Submitted to: National Fusarium Head Blight Forum Proceedings
Publication Type: Abstract Only
Publication Acceptance Date: December 13, 2005
Publication Date: December 11, 2005
Citation: Schisler, D.A. 2005. Fermentaton and formulation: Crucial focus areas for expediting the development of biocontrol products. National Fusarium Head Blight Forum Proceedings. p. 231.

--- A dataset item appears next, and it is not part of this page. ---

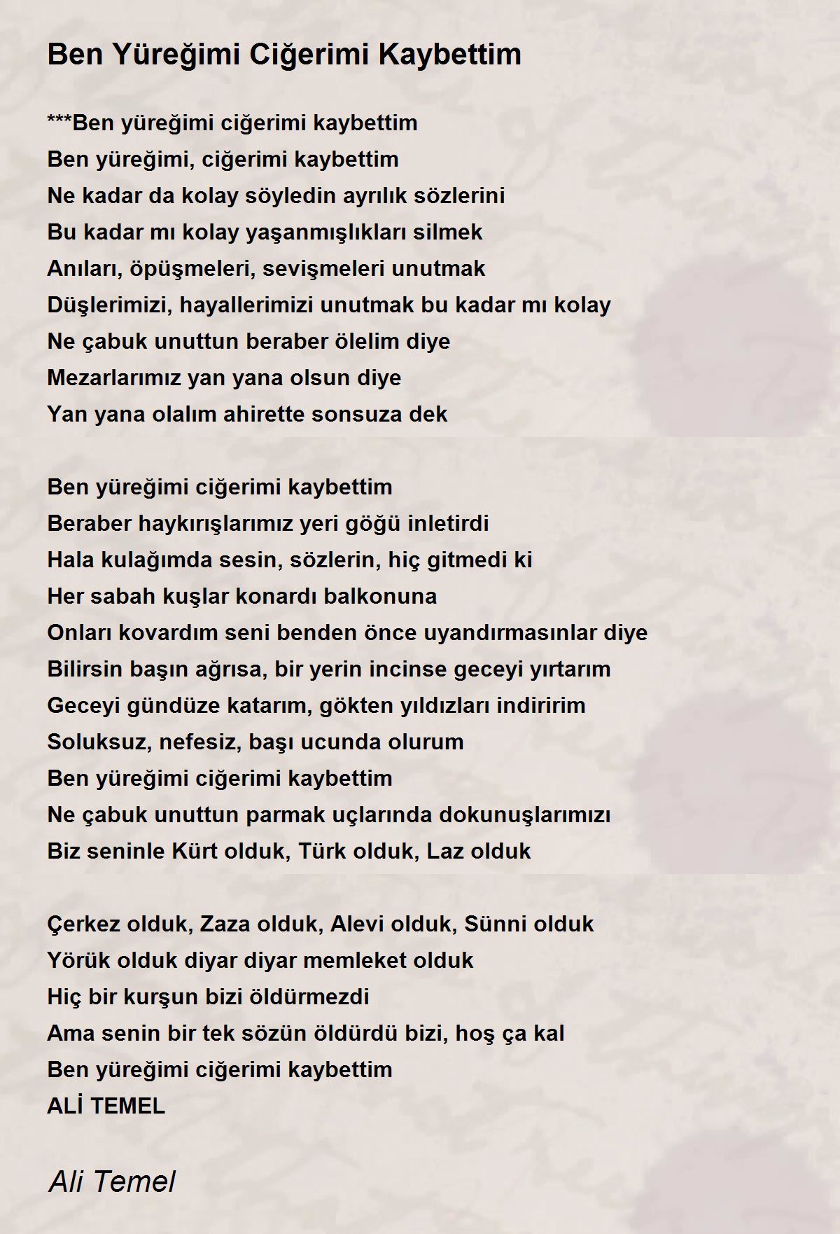 ***Ben yüreğimi ciğerimi kaybettim

Technical Abstract: Developing an effective, commercially successful biological control product is a complex, labor-intensive undertaking. The process must begin with a carefully crafted microbial selection procedure, proceed by employing biomass production protocols that optimize product quantity and quality, and end with devising a product formulation that preserves shelf-life, aids product delivery, and enhances bioactivity. Selection procedures that require prospective microbial biocontrol agents to possess both efficacy and amenability to production in liquid culture enhance the likelihood of selecting agents with improved commercial development potential. Scale-up of biomass production procedures must optimize product yield without compromise of product efficacy and amenability to stabilization and formulation. Considerations critical to designing successful formulations of microbial biomass are many fold and include designing production processes that enhance biomass amenability to formulation; an awareness of the mode of action of the microbial agent; durability of the life-stage to be formulated; the physical, chemical, and biological characteristics present on the application target; and the equipment used for field application. Solutions to these formulation considerations will not necessarily be compatible. Data from several systems for biologically controlling plant pests, with emphasis on the biological control of Fusarium head blight of wheat, will be used to demonstrate many of these concepts.